KNNC: K-Nearest Neighbors Validation
Parameter Information
This option will validate the training set using leave-one-out cross validation, without classifying the unknowns.
In the following description "vector" refers to a given gene or experiment, depending on what is being classified.
An element of a vector is one of the expression values that consitutes that vector. For a gene vector, its elements would
consist of the expression values for that gene across all experiments, while for an experiment vector, its elements would
consist of all the gene expression values for that experiment.
Classify genes or experiments
Self-explanatory
Correlation filter
The correlation filter is used to filter out those vectors of the set to be classified, that are not significantly
correlated with at least one member of the training set. The significance of correlation is determined by the
p-value, which is calculated by a permutation test in which each vector is permuted a user-specified number of times.
KNN Classification parameters
This is where the user specifies the expected number of classes (which is also the number of classes present
in the training set).

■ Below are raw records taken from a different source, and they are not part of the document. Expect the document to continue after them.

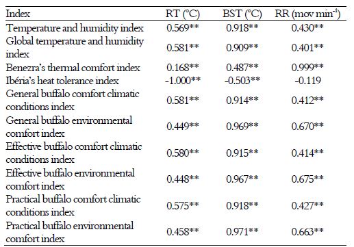 The correlations found among the tested indices and the physiological variables allowed the efficiency of these formulas to be assessed so that the actual thermal comfort conditions of the buffaloes reared in the Eastern Brazilian Amazon could be determined. According to Silva, Morais, & Guilhermino (2007), the correlations between the indices and the physiological variables are an indication of the efficiency of each index and reflect the animals’ response to the environment.
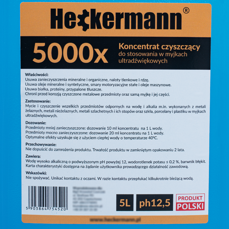 ▶️Koncentrat czyszczący do myjki ultradźwiękowej Heckermann 5000x o pojemności 5L
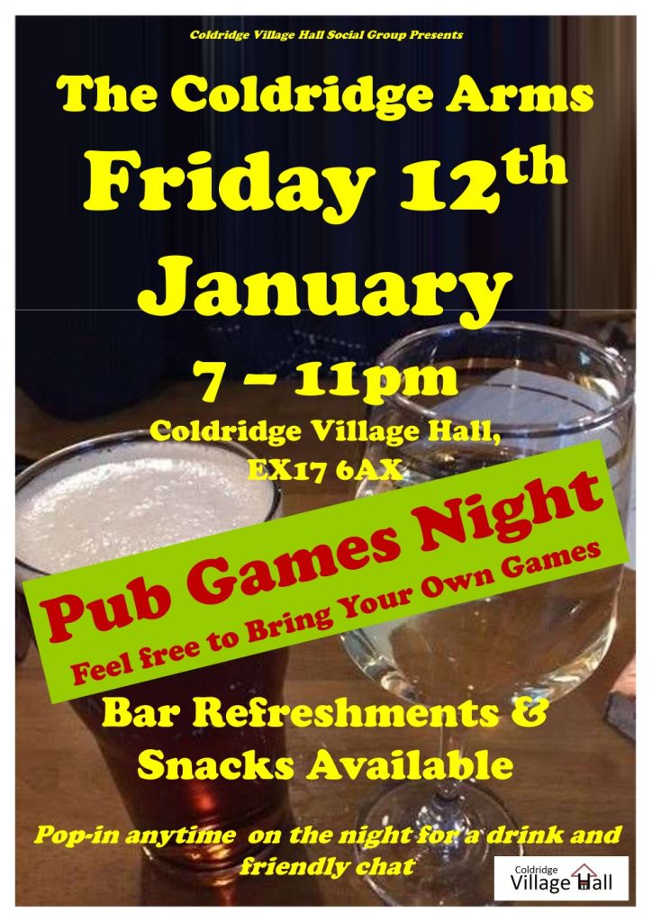 All being well, the Coldridge Arms’ will be open for the first time in 2024 on Friday 12th January from 7pm and we’ll be holding an informal ‘Pub Games Night’ for all.
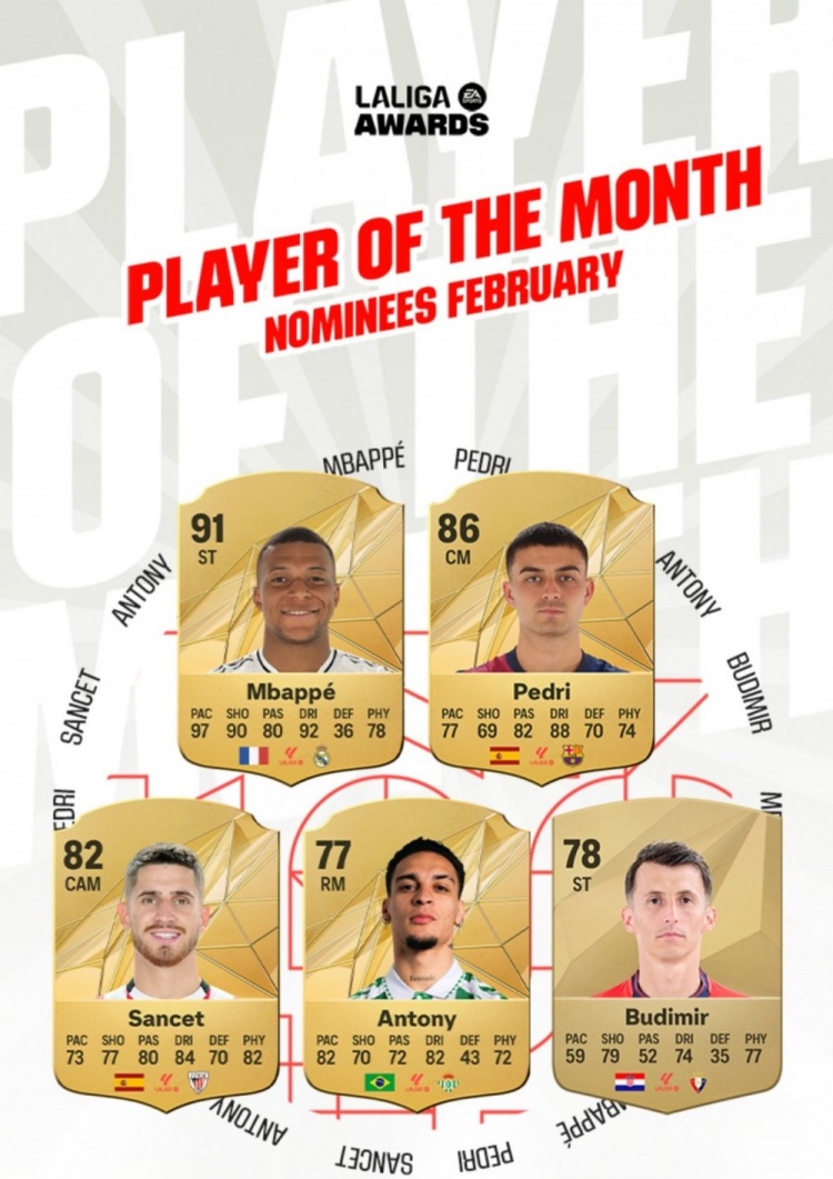 2月20日訊 西甲官方公布了2月份最佳球員的5人候選,姆巴佩、佩德里、安東尼入圍。在2月份,西甲還有第25輪比賽未進行。

The number of neighbors is the number of vectors from the training set that are chosen as
neighbors to a given vector. Euclidean distance is used to determine the neighborhood. Let’s say we want to
classify a gene g. Gene g is assigned to the class that is most frequently represented among its k nearest
neighbors from the training set (where k is specified by the user). In case of a tie, gene g remains unassigned.
Create / import training set
If the user chooses to import a previously created training set, on hitting the “Next” button a file chooser is
displayed from which the training file can be chosen. If an appropriate file is chosen, the KNN classification editor
displayed with the class assignments from the file. If the option to create a new training set from data is chosen,
on hitting the “Next” button the classification editor is directly displayed with all vectors set to neutral.
Hierarchical Clustering
This checkbox selects whether to perform hierarchical clustering on the elements in each cluster created.